4. The cantilever beam for the retooling of the wheel rolling die, according to claim 1, wherein the die-loading supporting arm (22) is adapted to overlap the bottom of the hanger main shaft (5) of the lifting hook;

a tool withdrawal groove is arranged between the support arm stage (221) and the support arm main body (222) and is used for clamping the lifting hook;

the outer surface of the support arm stand stage (221) overlaps the bottom of the overlapping portion (52) of the hook.

5. The outrigger beam for wheel roll mold exchange of claim 4 wherein the outer diameter of the outrigger stage (221) is less than or equal to the inner diameter of the overlapping portion (52) of the hook.

6. The cantilever beam for the die change of the wheel rolling die as claimed in claim 1, wherein the column assembly (2) comprises a column shaft (20), a rotating sleeve (21) sleeved outside the column shaft (20) and the die-filling supporting arm (22);

the rotary sleeve (21) can rotate relative to the axis of the upright post shaft (20), and when the rotary sleeve rotates to a first position, the die-filling support arm (22) faces the machine table main shaft and is parallel to the machine table main shaft.

7. The cantilever beam for the die change of the wheel rolling die as claimed in claim 1, wherein the column assembly (2) comprises a column shaft (20), a rotating sleeve (21) sleeved outside the column shaft (20), the die loading supporting arm (22) and the die unloading supporting arm (23);

the die loading supporting arm (22) and the die unloading supporting arm (23) are positioned on the same horizontal line;

the fixed end of the die unloading supporting arm (23) is fixedly connected with the rotating sleeve (21), and the free end of the die unloading supporting arm (23) is used for extending into or leaving the rolling die; the mould unloading supporting arm (23) and the mould loading supporting arm (22) are arranged in mirror symmetry with respect to the rotary sleeve (21);

the rotating sleeve (21) can rotate relative to the axis of the upright post shaft (20);

when the rotary sleeve (21) rotates to a first position, the die-filling support arm (22) is parallel to the machine table main shaft, and the die-filling support arm (22) faces the machine table main shaft;

when the rotary sleeve (21) rotates to the second position, the die-filling support arm (22) is parallel to the machine table main shaft, and the die-filling support arm (22) is far away from the machine table main shaft.

8. Cantilever beam for the retooling of the rollforming moulds for vehicle wheels, according to claim 6 or 7, wherein the column assembly (2) further comprises a pin puller (24), and the outer surface of the column shaft (20) is provided with a pin pulling hole cooperating with the pin puller (24).

9. Cantilever according to claim 6 or 7, wherein, when the rotating sleeve (21) in the first position is rotated by a first predetermined angle with respect to the upright shaft (20), the supporting arm (22) for loading the mould is not parallel to the main axis of the machine.

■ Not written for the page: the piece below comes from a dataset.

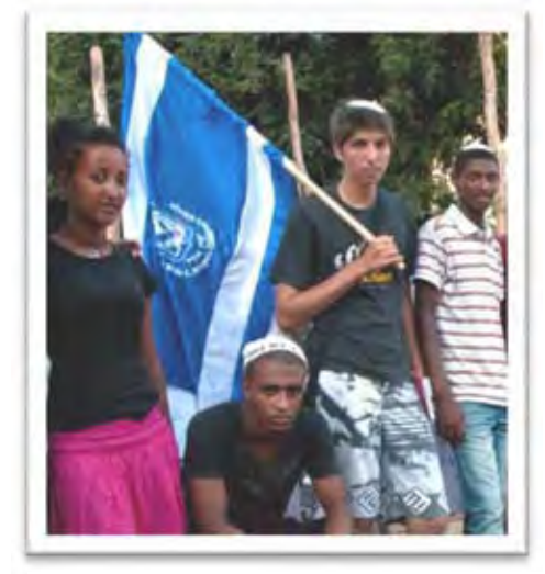
Yemin Orde Young Leadership at the rally: "We are all brethren!"

For our kids, no strangers to the feeling of being left behind, being with the protesters was a startling eye opener on many levels. Suddenly, they realized how connected they are to the spirit of the young generation outside the Village, those who carry the burden of Israel's economy and defense on their shoulders. You, our children's friends, really ought to see the events unfolding here through their eyes, and I will try my best to share their insights with you.

10. The cantilever beam for die change of the wheel rolling die, according to claim 6, wherein the pillar assembly (2) comprises two of the die-loading supporting arms (22) and two of the die-unloading supporting arms (23);

the two die-filling supporting arms (22) are positioned on the same vertical line.

11. Cantilever beam for the retooling of the rollerized wheel molds of claim 6 or 7, wherein the mast assembly (2) and the carrier beam (3) are removably connected.